| What is required |
Copy the listing below exactly. Pictures stay out of it.

| Dataset content |
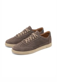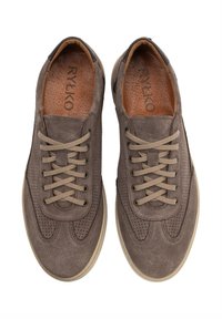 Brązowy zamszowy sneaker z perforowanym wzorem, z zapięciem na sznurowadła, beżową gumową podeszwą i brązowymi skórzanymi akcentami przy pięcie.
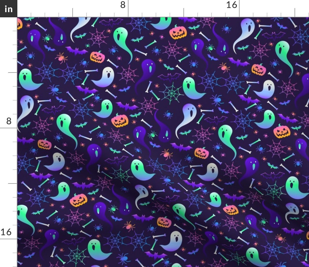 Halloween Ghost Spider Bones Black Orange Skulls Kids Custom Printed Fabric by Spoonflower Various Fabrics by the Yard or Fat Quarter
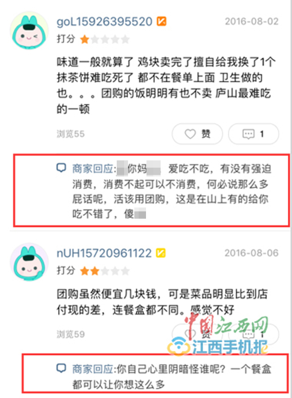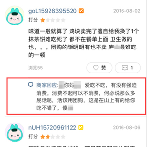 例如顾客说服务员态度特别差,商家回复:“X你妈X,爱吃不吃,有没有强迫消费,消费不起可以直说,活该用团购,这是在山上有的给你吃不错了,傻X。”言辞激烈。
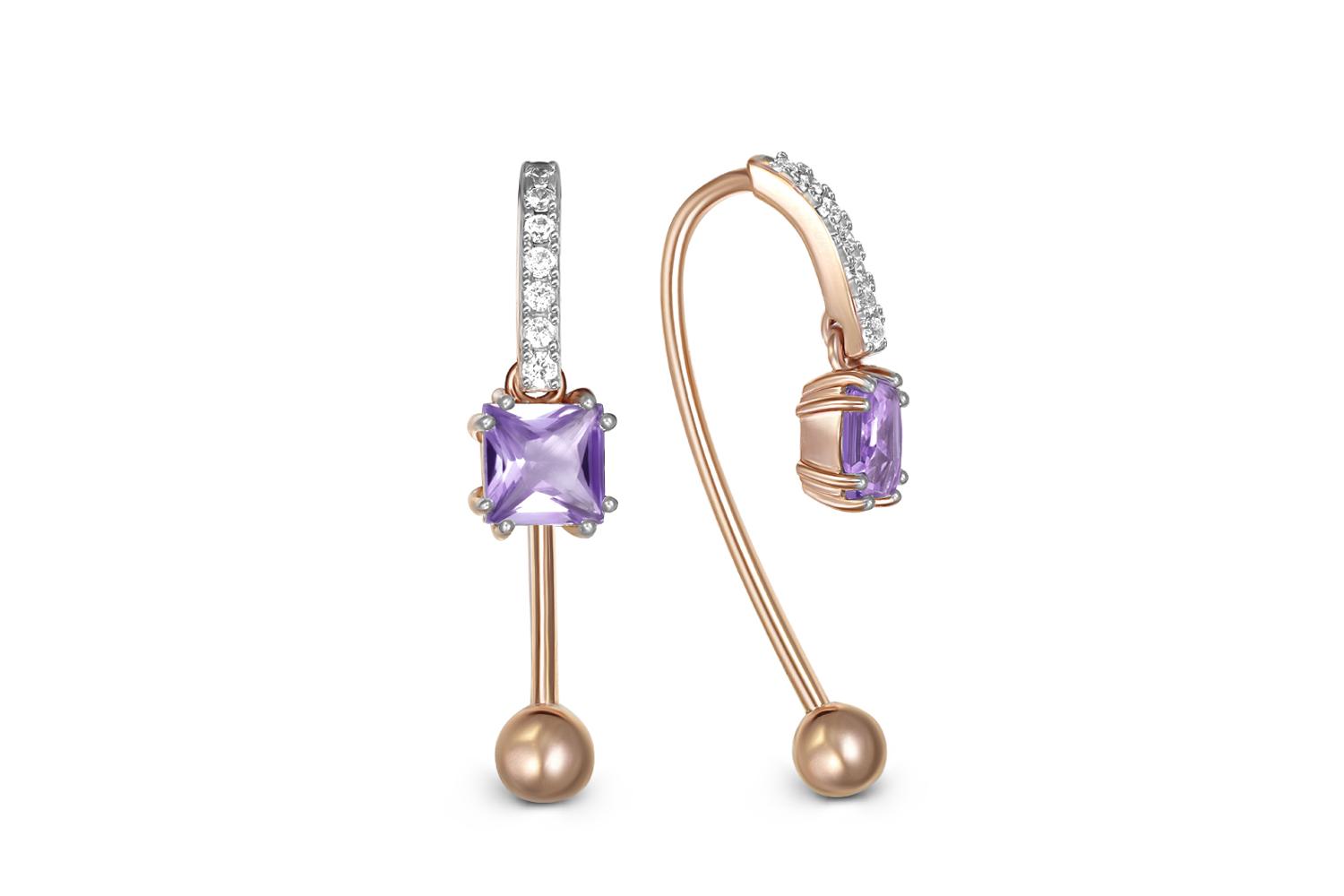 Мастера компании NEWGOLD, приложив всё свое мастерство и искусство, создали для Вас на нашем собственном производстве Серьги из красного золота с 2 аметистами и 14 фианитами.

| Task solution |
 Brązowy zamszowy sneaker z perforowanym wzorem, z zapięciem na sznurowadła, beżową gumową podeszwą i brązowymi skórzanymi akcentami przy pięcie.
 Halloween Ghost Spider Bones Black Orange Skulls Kids Custom Printed Fabric by Spoonflower Various Fabrics by the Yard or Fat Quarter
 例如顾客说服务员态度特别差,商家回复:“X你妈X,爱吃不吃,有没有强迫消费,消费不起可以直说,活该用团购,这是在山上有的给你吃不错了,傻X。”言辞激烈。
 Мастера компании NEWGOLD, приложив всё свое мастерство и искусство, создали для Вас на нашем собственном производстве Серьги из красного золота с 2 аметистами и 14 фианитами.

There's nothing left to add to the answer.